What the task asks. Reprint each record exactly. Pictures are not reprinted.

(Recorded data)
----------------

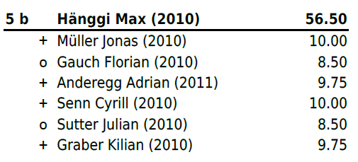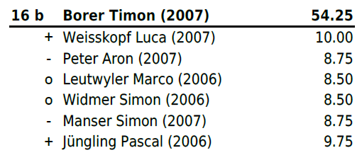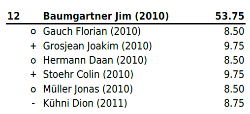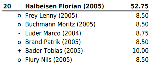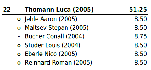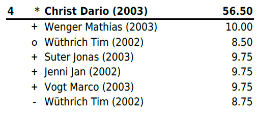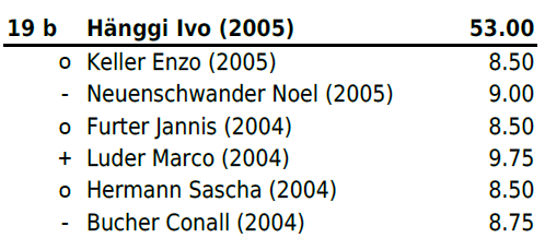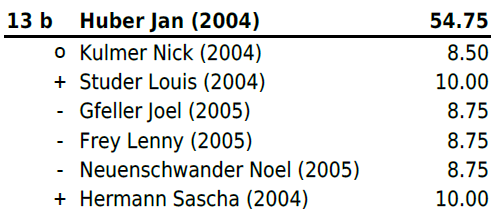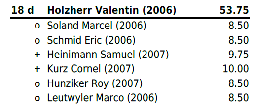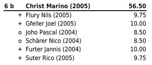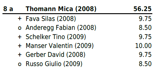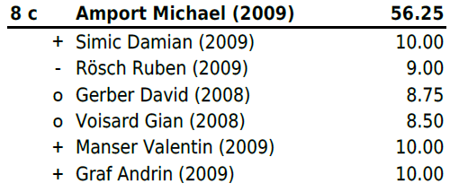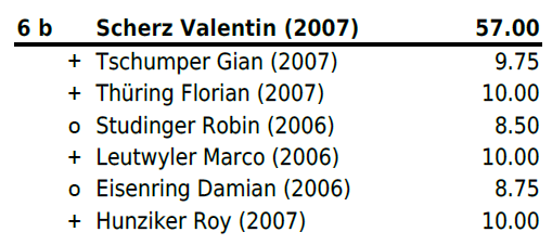 Jahrgang 2004-2005: Mit Zwei Niederlagen und vier gewonnen Gängen (zweimal Maximalnote) platzierte sich Christ Marino auf Rang 6b und erschwang sich somit einen weiteren Zweig. Für Huber Jan reichte es leider nach einer Niederlage und einem Sieg (mit Maximalnote) in Gang drei bis fünf nicht mehr zu einem Resultat und er stellte all diese Gänge. Trotz Sieg im letzten Gang reichte es ihm auf Platz 13b. Für Hänggi Ivo (Rang 19b), Halbeisen Florian (Rang 20) und Thomann Luca (Rang 22) reichte es leider am heutigen Tag nicht.
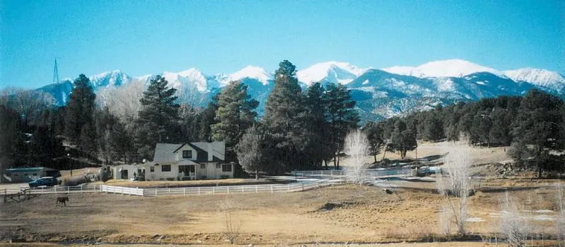 Beautiful and serene is the setting for this lovely, restored Sears home on 6.3 acres with a backdrop of the Sangre de Cristo Mountains. Imagine a picturesque home nestled among large Ponderosa pines and cottonwoods. The screened porch, spanning the entire front of the home and the smaller side porch are ideal for early morning or late day relaxation. Envision lush pastureland overlooking several large ponds fed by Cottonwood Creek as it meanders close by. Bring your animals. Theyll love it. Perfect location for a large family or a bed and breakfast retreat.
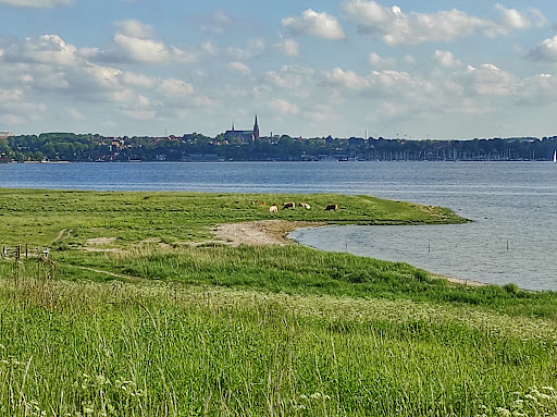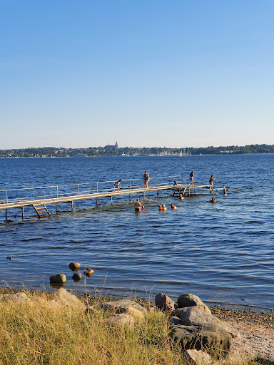 Nice kid-friendly beach. Use one of the two jetties to get to water with a clean sandy bottom. Good swimming between the two jetties and a floating platform about 50-70m from the jetty. Given the sheltered location, there are never big waves, and in sunny weather the water gets relatively warm quite quickly. Good facilities (bathroom, cafe, ice cream, playground, accommodation) in the Vigen camping right next to the beach. Nice walk to Veddelev harbour with views over the Roskilde fjord with its bird reserves, and dominated by the...
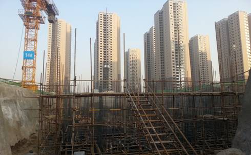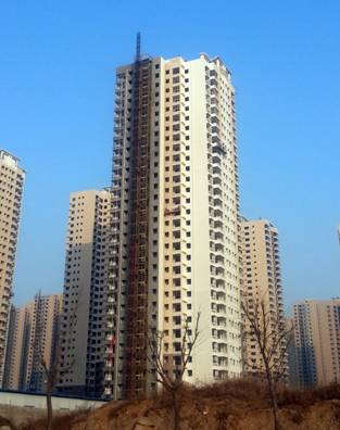 8号地块A1,370套主体封顶,进行安装暖气片,刷外墙涂料。
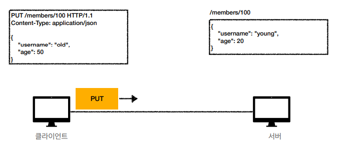- 리소스를 통째로 대체, 리소스가 없으면 생성 (덮어쓰기)
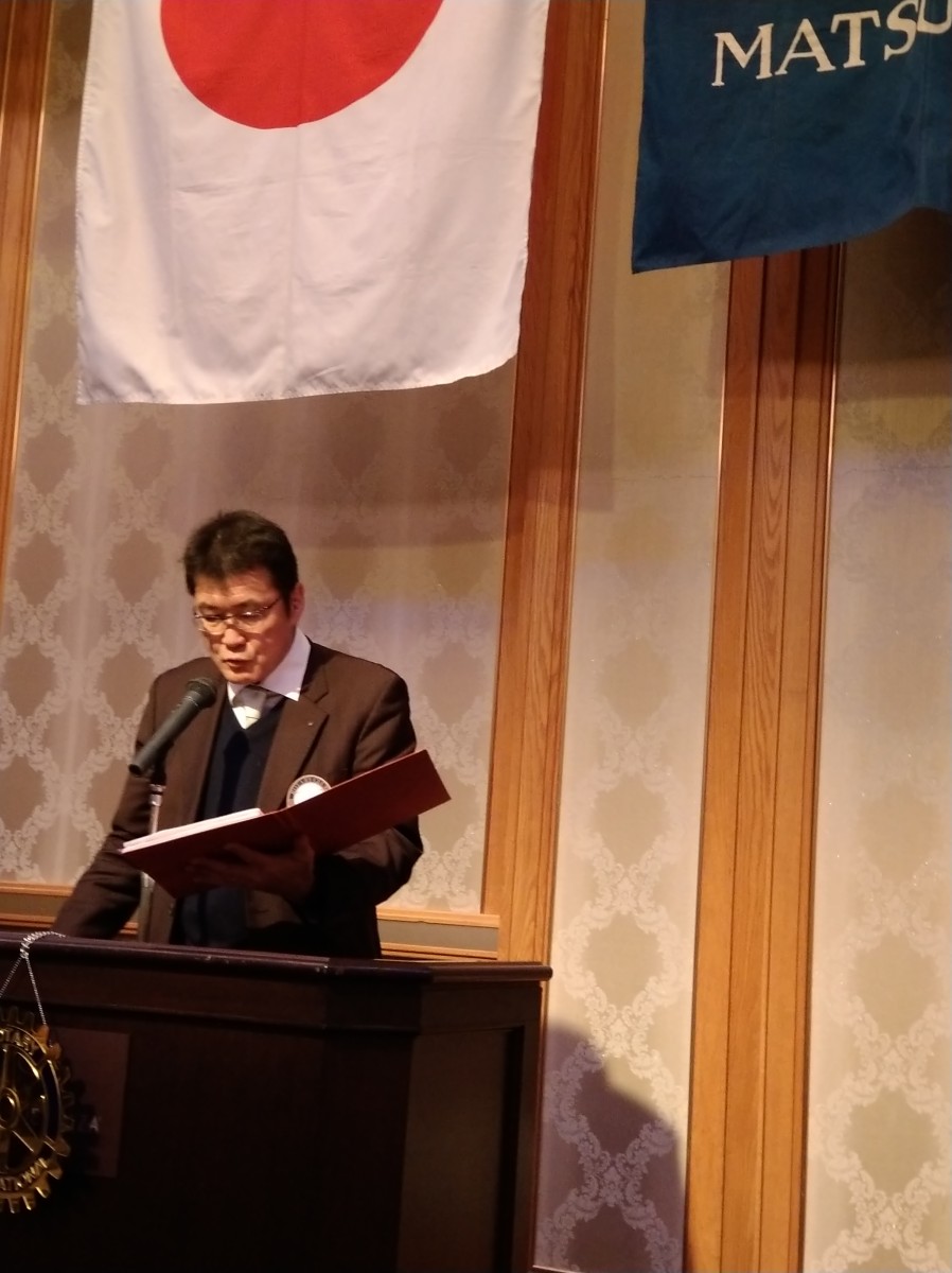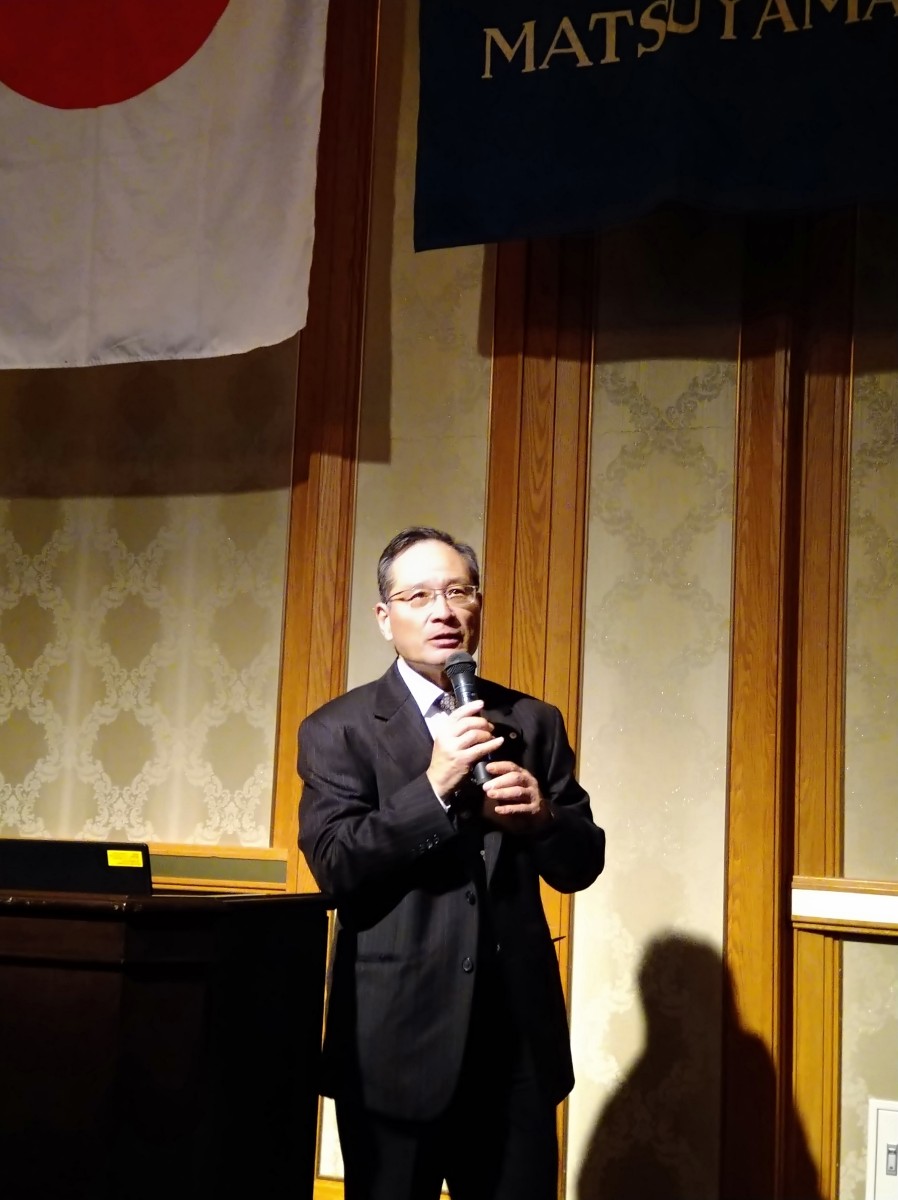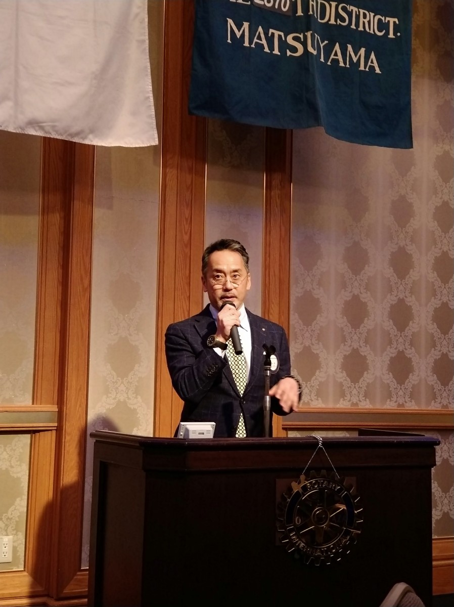 松山市防災危機管理部 災害対策指導監 島瀬 達也さんをゲストに迎え、第3718 回例会を開催しました。
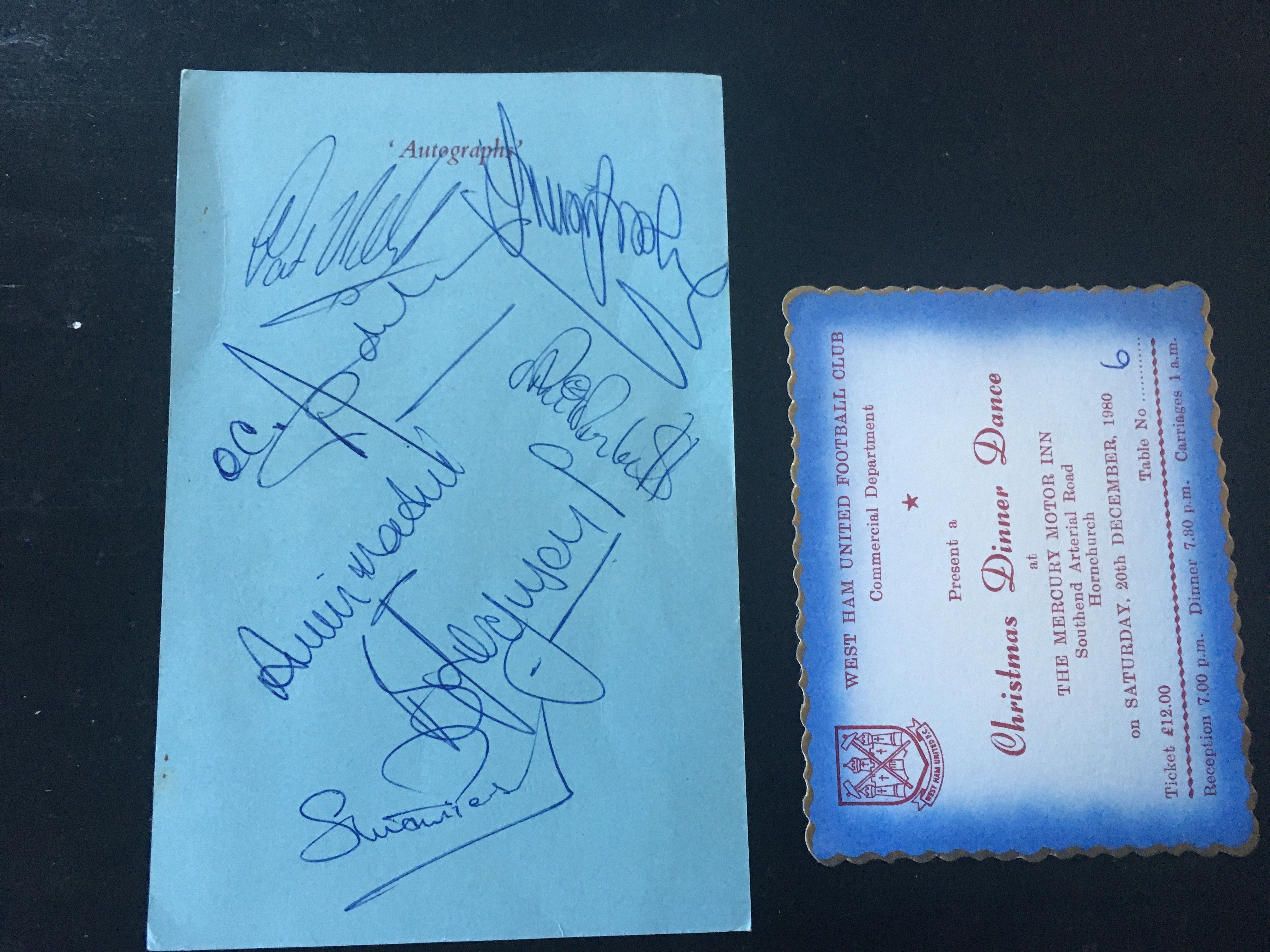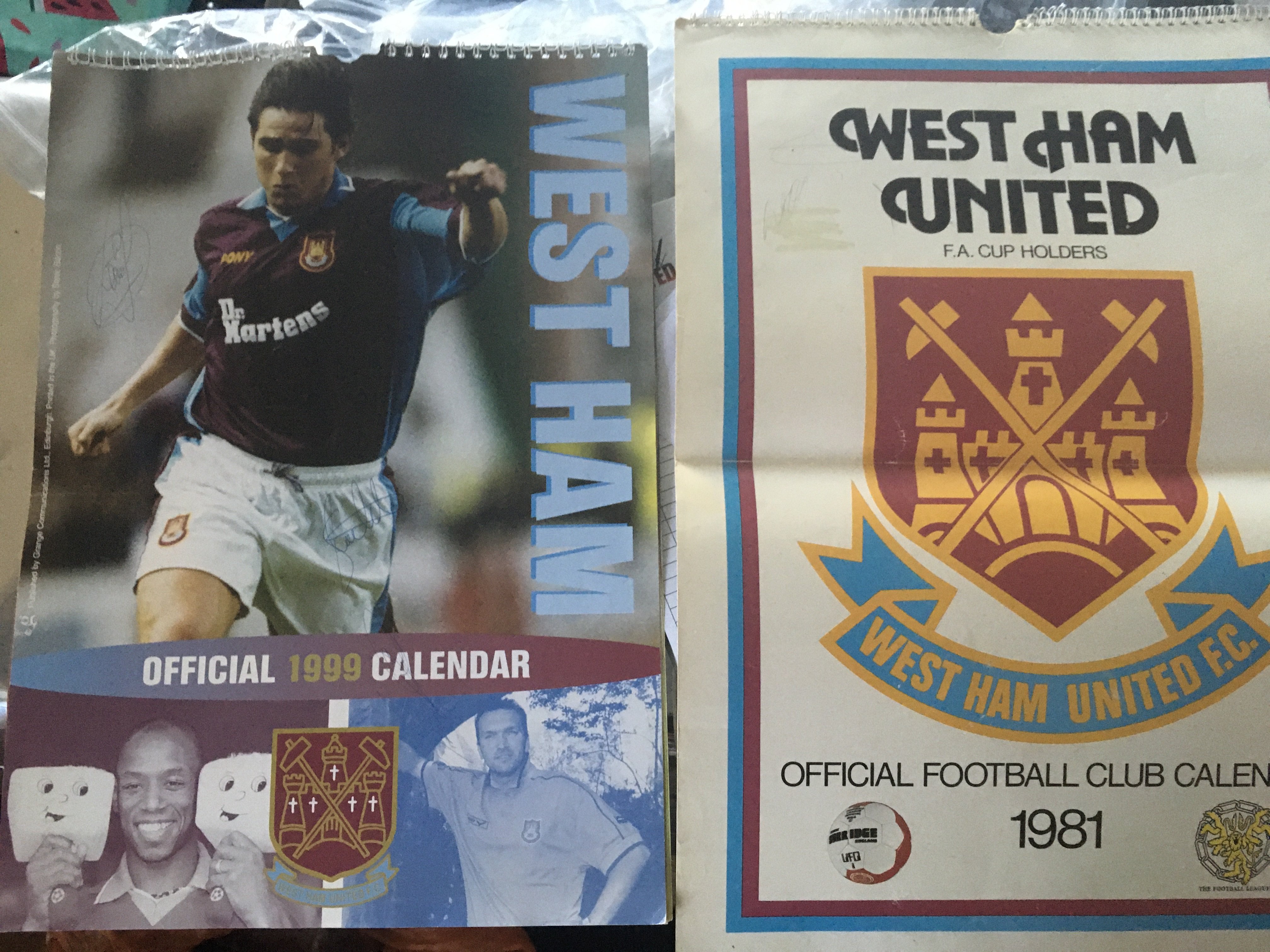 West Ham Football Memorabilia Box: 1981 menu signed by 7 including Ferguson Pearson Brooking and Parkes, 1995 calendar signed by 7, 1981 calendar, undedicated books signed by McAvennie, Hurst and a few dedicated books, Hursts new book unsigned and a large quantity of quite modern programmes, (2 boxes)

----------------

Answer box.
 Jahrgang 2004-2005: Mit Zwei Niederlagen und vier gewonnen Gängen (zweimal Maximalnote) platzierte sich Christ Marino auf Rang 6b und erschwang sich somit einen weiteren Zweig. Für Huber Jan reichte es leider nach einer Niederlage und einem Sieg (mit Maximalnote) in Gang drei bis fünf nicht mehr zu einem Resultat und er stellte all diese Gänge. Trotz Sieg im letzten Gang reichte es ihm auf Platz 13b. Für Hänggi Ivo (Rang 19b), Halbeisen Florian (Rang 20) und Thomann Luca (Rang 22) reichte es leider am heutigen Tag nicht.
 Beautiful and serene is the setting for this lovely, restored Sears home on 6.3 acres with a backdrop of the Sangre de Cristo Mountains. Imagine a picturesque home nestled among large Ponderosa pines and cottonwoods. The screened porch, spanning the entire front of the home and the smaller side porch are ideal for early morning or late day relaxation. Envision lush pastureland overlooking several large ponds fed by Cottonwood Creek as it meanders close by. Bring your animals. Theyll love it. Perfect location for a large family or a bed and breakfast retreat.
 Nice kid-friendly beach. Use one of the two jetties to get to water with a clean sandy bottom. Good swimming between the two jetties and a floating platform about 50-70m from the jetty. Given the sheltered location, there are never big waves, and in sunny weather the water gets relatively warm quite quickly. Good facilities (bathroom, cafe, ice cream, playground, accommodation) in the Vigen camping right next to the beach. Nice walk to Veddelev harbour with views over the Roskilde fjord with its bird reserves, and dominated by the...
 8号地块A1,370套主体封顶,进行安装暖气片,刷外墙涂料。
- 리소스를 통째로 대체, 리소스가 없으면 생성 (덮어쓰기)
 松山市防災危機管理部 災害対策指導監 島瀬 達也さんをゲストに迎え、第3718 回例会を開催しました。
 West Ham Football Memorabilia Box: 1981 menu signed by 7 including Ferguson Pearson Brooking and Parkes, 1995 calendar signed by 7, 1981 calendar, undedicated books signed by McAvennie, Hurst and a few dedicated books, Hursts new book unsigned and a large quantity of quite modern programmes, (2 boxes)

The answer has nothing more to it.